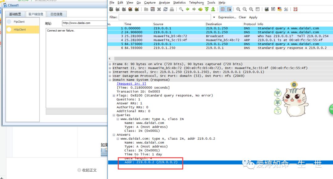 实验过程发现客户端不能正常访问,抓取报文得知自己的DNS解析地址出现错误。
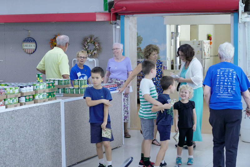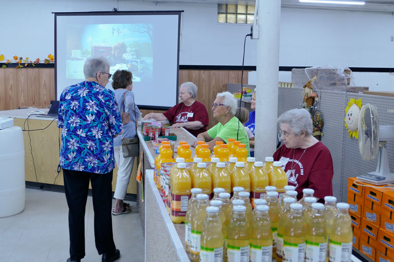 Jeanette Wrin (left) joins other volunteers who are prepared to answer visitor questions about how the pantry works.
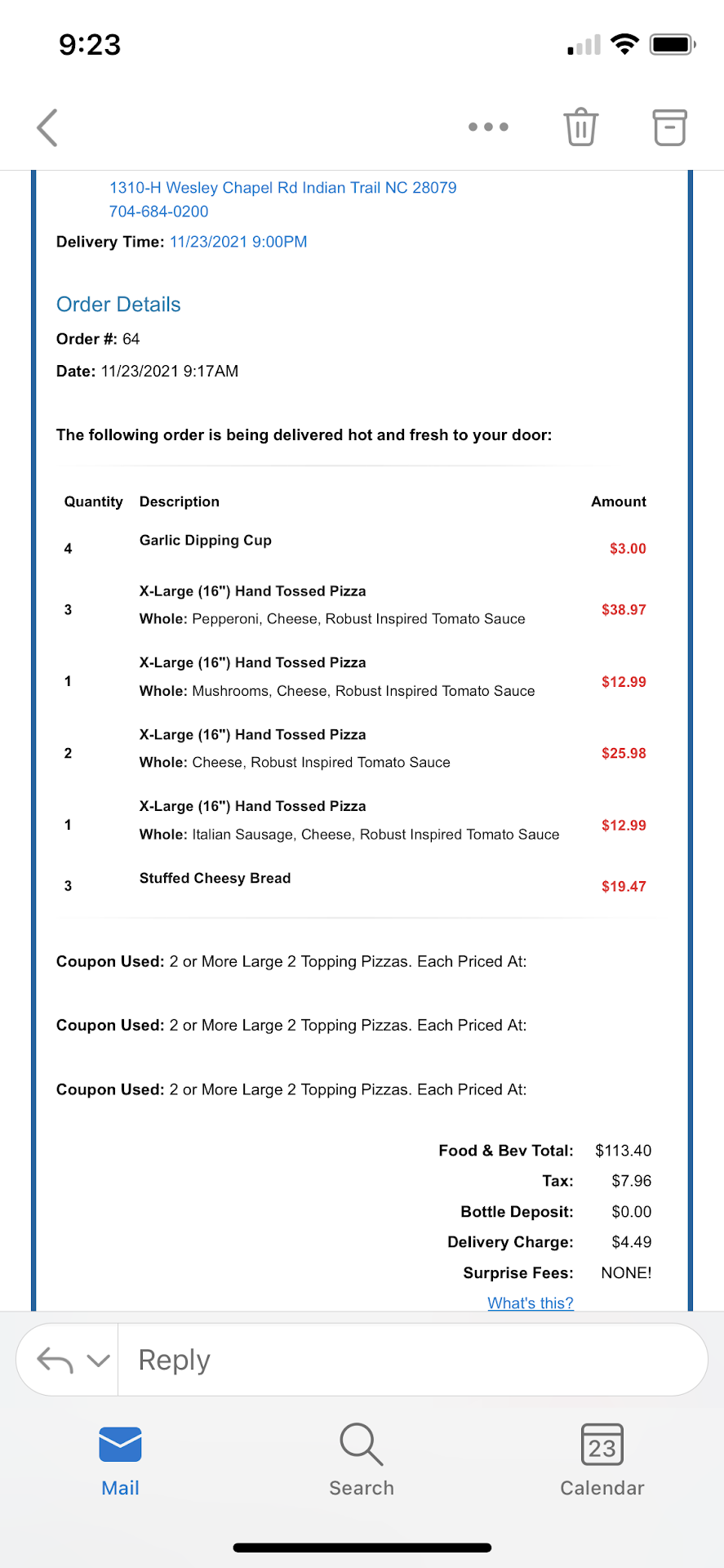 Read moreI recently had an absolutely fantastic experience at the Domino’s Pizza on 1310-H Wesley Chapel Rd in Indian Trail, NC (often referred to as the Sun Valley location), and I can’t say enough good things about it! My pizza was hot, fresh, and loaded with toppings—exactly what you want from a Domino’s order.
※ ※ ※
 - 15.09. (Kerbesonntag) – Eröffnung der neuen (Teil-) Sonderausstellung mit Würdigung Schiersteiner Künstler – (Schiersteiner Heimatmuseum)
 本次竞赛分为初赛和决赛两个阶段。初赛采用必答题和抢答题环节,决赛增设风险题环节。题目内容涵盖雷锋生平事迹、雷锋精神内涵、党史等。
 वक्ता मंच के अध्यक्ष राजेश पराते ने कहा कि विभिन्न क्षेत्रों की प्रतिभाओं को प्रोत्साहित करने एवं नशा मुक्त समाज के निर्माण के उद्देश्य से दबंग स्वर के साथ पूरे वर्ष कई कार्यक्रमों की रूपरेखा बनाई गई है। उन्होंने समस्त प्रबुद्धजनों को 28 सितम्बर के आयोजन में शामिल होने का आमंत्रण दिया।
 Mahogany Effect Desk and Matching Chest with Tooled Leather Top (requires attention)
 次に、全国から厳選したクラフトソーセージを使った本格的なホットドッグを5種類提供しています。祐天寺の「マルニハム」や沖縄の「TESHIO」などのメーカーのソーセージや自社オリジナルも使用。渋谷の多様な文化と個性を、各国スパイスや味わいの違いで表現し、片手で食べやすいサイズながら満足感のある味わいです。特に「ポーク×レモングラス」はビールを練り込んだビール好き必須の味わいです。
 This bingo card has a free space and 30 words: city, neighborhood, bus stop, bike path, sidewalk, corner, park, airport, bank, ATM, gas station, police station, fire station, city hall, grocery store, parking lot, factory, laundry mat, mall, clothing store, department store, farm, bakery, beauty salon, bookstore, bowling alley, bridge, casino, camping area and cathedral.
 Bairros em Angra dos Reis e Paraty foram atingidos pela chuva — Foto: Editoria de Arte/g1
※ ※ ※
▶ _ABOUT THIS EXERCISE_:
Repeat only the stretch of data above that runs from the line with "实验过程发现客户端不能正常访问,抓取报文得知自己的DNS解析地址出现错误。" to the line with "Read moreI recently". Keep both end lines; exclude pictures.

▶ _SOLUTION_:
 实验过程发现客户端不能正常访问,抓取报文得知自己的DNS解析地址出现错误。
 Jeanette Wrin (left) joins other volunteers who are prepared to answer visitor questions about how the pantry works.
 Read moreI recently had an absolutely fantastic experience at the Domino’s Pizza on 1310-H Wesley Chapel Rd in Indian Trail, NC (often referred to as the Sun Valley location), and I can’t say enough good things about it! My pizza was hot, fresh, and loaded with toppings—exactly what you want from a Domino’s order.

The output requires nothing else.